Even for companies that prioritize customer service and external relations, it is essential to foster positive internal communication and respect for employees. Without a strong internal foundation, external relations can’t follow suit – and external contacts will notice fissures in an organization that has weak internal relations. Also, an organization likely will have less focus and lower quality outputs if internal staff does not communicate well or feel appreciated.

Here are a few strategies to consider for improving your company’s internal communication:

  • Invite different forms of communication.
    While certain employees might feel that a face-to-face discussion is the most effective way to communicate, others may be more comfortable with email correspondence. As management, suggest different forms of communication through which employees can reach you or their supervisors directly. In addition, resources such as staff-wide forums (online or in-person) or informal monthly gatherings keep multiple communication channels open – and set the tone for a culture of communication.
  • Provide clear solutions for problem solving.
    It is important for employees to know where to go or whom to speak with when issues arise in the office. Otherwise, small problems occasionally can grow into job-threatening issues. The most obvious solution is having a strong and approachable Human Resources department.
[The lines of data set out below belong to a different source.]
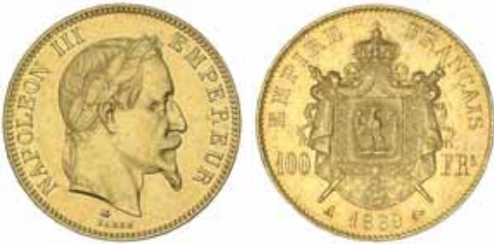
3002* France , Napoleon III, one hundred francs, 1869A (KM.802.1). A little polished, nearly extremely fine.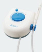
SCALER KS-S5 超声波洁牙机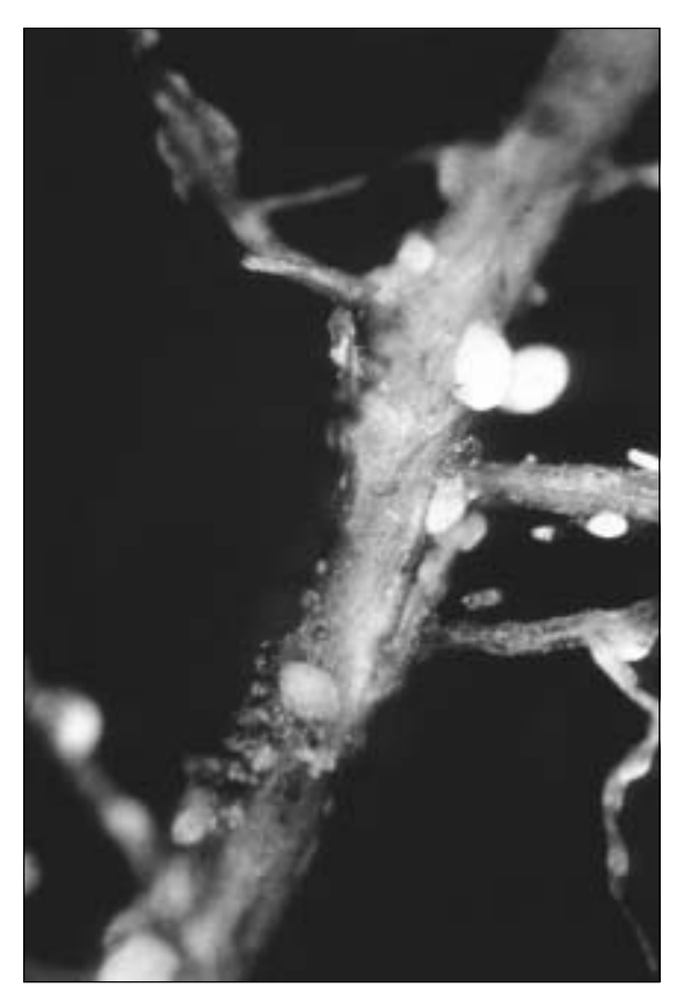
Figure 4. Lemon-shaped white E's and brown cysts.

Crop rotation is the simplest and cheapest method of manipulating SCN populations. It is easier to institute a system of crop rotation for narrow host range species of nematode such as SCN. To reduce the SCN population, sugarbeets should be rotated with nonhost crops such as grain, corn, onions, potatoes, alfalfa, mint, or beans for various lengths of time depending on nematode infestation levels. Refer to Table 2 for an illustration of the effect of 8 years of rotation on the number of viable eggs from infestation levels of four cysts per 500 cm<sup>3</sup> soil. Control of weeds, especially SCN host species (Table 1), in rotation crops is essential to help reduce SCN populations before planting sugarbeets.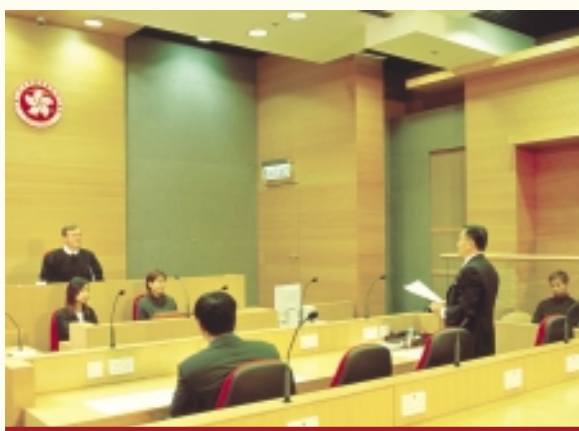
在裁判法院進行的聆訊 A court hearing at Magistrates' Courts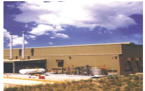
Tuff Span Roofing & Siding - 44,594 SM; Tuff Span Monitor Ridge Vent - 366 LM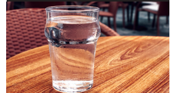
Serve water only on request.

More Indoor Business Tips click below www.savingwater.org/Businesses/index.htm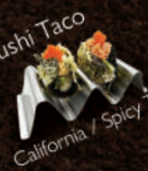
California / Spicy Tuna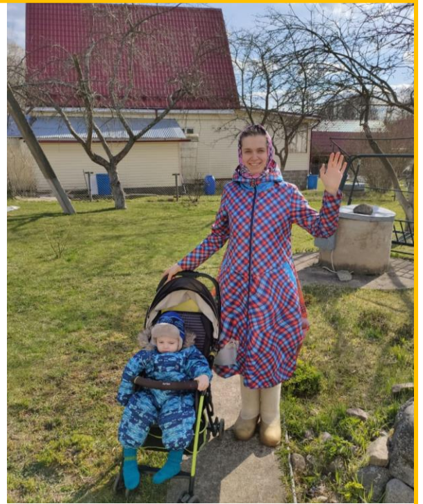
Malevich family with four children. They also want to give their children the best conditions for growing up.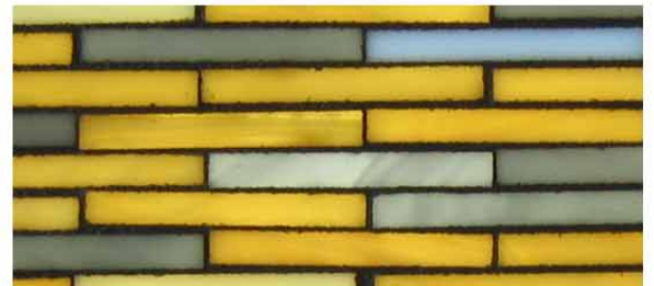
Detail of illuminated glass panel.

Ensure that HR employees are at the top of their game through professional development training and conference opportunities
  • Promote interdepartmental communication.
    In most companies, various departments rely on one another to complete their own work, whether directly or indirectly. However, many departments end up working in silos with little to no understanding of the objectives of other teams in the same company – even those working right down the hallway. Through team-building solutions and company-wide events, promote interdepartmental communication.
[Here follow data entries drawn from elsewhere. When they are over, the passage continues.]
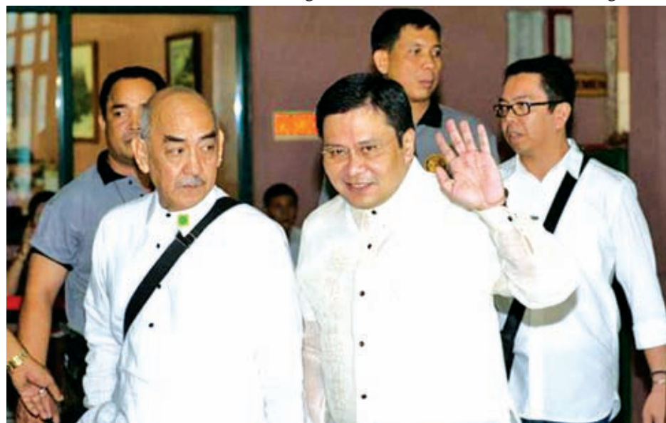
Senator Jose 'Jinggoy' Estrada (C), son of former Philippine President Joseph Estrada, waves as he arrives at the graft court for his arraignment in Manila on 30 June, 2014.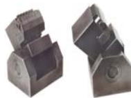
ALO 61201 Grinding fixture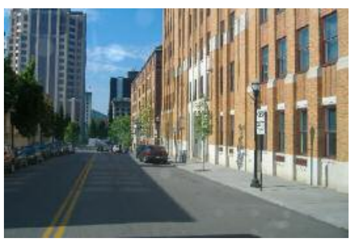
Figure 10-Higher Education Center

The Roanoke Higher Education Center is signed from I-581 for Exit 4E northbound and Exit 5 southbound. Currently, no sign exists at the end of the Interstate ramp and the intersection of Wells Avenue, and this should be corrected. Local signage is provided by Roanoke City's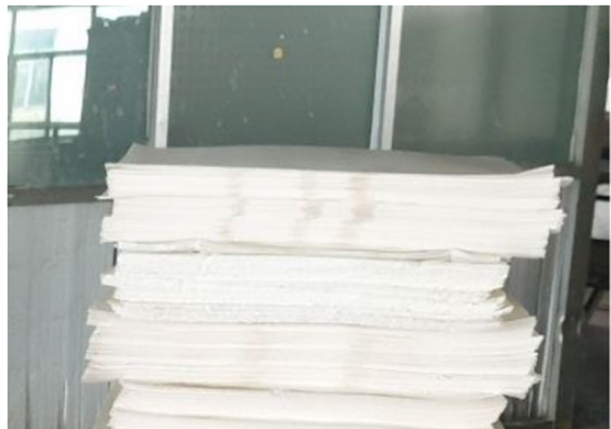
Fig. 5 Bagasse pulp sheets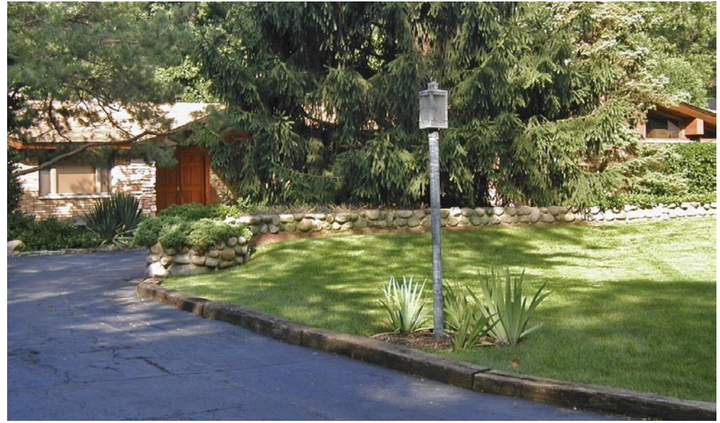
French & Associates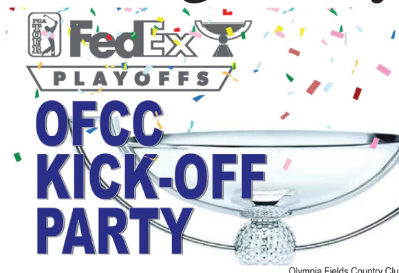
Olympia Fields Country Club

BMW received plenty of air time on NBC, the Western Golf Association brought in more and more ticket-holders once the public caught on to the quality of the field and what was at stake, and, especially when on the road, sold corporate suites by the bushel. That helped the WGA and its Evans Scholars Foundation reach its goal of having 1,000 caddie-scholars in college at the same time – and do so a year early.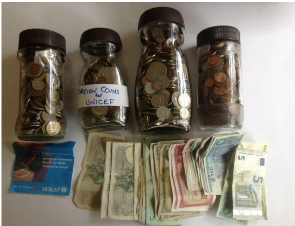
The foreign coin collection is underway

UNICEF can make use of them. Let's recycle our coins into something valuable for kids. I'm collecting notes as well.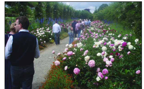
Pictured above are Brethren, wives, friends and family on a garden walk in Mount Congreve, Waterford in June 2008. This event raised €650.00.

On September 29th the "almost" nationwide quiz took place in conjunction with the Samaritans and in the Southern provinces we had 6 venues raising almost €14,000 between them. This event was in general well publicised through the media with thanks in the main to the Samaritans expertise and participation in each locality - Sligo, Waterford, Kilkenny, Limerick, Athlone and Galway. The positive media publicity for our Order within local communities was significant. With over 200 tables of 4 participating on the night, this means that the event was supported in person by some 800 people prepared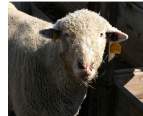
Medusahead never tasted so good.

Rangelands can be restored to systems with higher plant species diversity and higher forage value, thus increasing the overall value for livestock, wildlife, ranchers, and recreationists.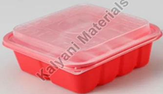
Blister Lunch Box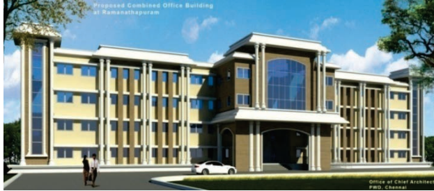
Integrated Office Complex in Master Plan Complex at Ramanathapuram in Ramanathapuram District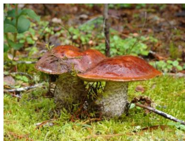
Leccinum Mushroom Species

Come travel around Washington with Phyllis and Ivar Dolph. You'll see boats (too many says Phyllis), birds (yeah!), flowers (too many says Ivar), mountains, and islands. We move quickly from Anacortes, to the Olympic Peninsula, Mt. Rainer, Mt. Baker, the Skagit Flats, and finally to Vendovi Island. We reached into our bag of photos and pulled out a few nice ones.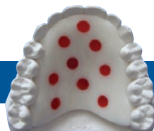
G02 Polka Dots Choose 2 colors from Opaque colors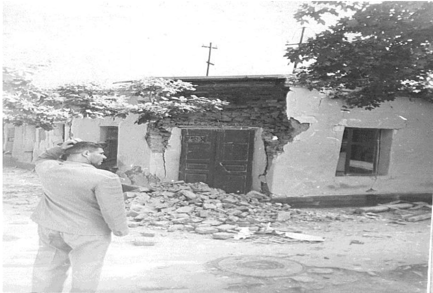
Figure 5. Effect Tashkent earthquake

As a result of the Tashkent earthquake 2 million sq.m. more than 236 administrative buildings, about 700 trade and catering facilities, 26 utilities, about 180 educational institutions, including schools with 8,000 seats, 36 cultural institutions, 185 medical and 245 industrial enterprises were damaged. 78,000 families or 300,000 people from the cities were left homeless ( Tashkent. Encyclopedia. 1992). For comparison, we draw attention to the following data (Rikitake, 1968; Zmazek et al., 2003). One of the smallest sports complexes in Tashkent is Pakhtakor Central Sports and Training Association. If you want to understand it in a broad sense, you will see the favorite football team of the Uzbek people - Pakhtakor. The total area of the sports complex is 72 hectares or 7,200 square meters. If we only imagine the destruction of residential buildings, we will have to embody approximately 280 Pakhtakor Central Sports and Training Associations.

    It is important for staff to understand how their work fits within the work of the whole company as well as how it contributes to the efforts of others. With a better collective understanding of the overarching institutional objectives and strategies, employees will be able to pinpoint how their work contributes to the company as a whole – thereby finding more meaning in their own work.

  • As management, find ways to respond to employees directly.
    Simply because of the overwhelming number of responsibilities for executive-level staff, it is often necessary for an assistant to respond to emails and manage the bulk of the communications. Occasionally, however, it is important for employees to be able to reach company leaders directly. Employees should know that upper management is aware of the work and that it matters to the success of the company. Even a brief encouraging email to a department or an acknowledgment on a first-name basis can make a difference.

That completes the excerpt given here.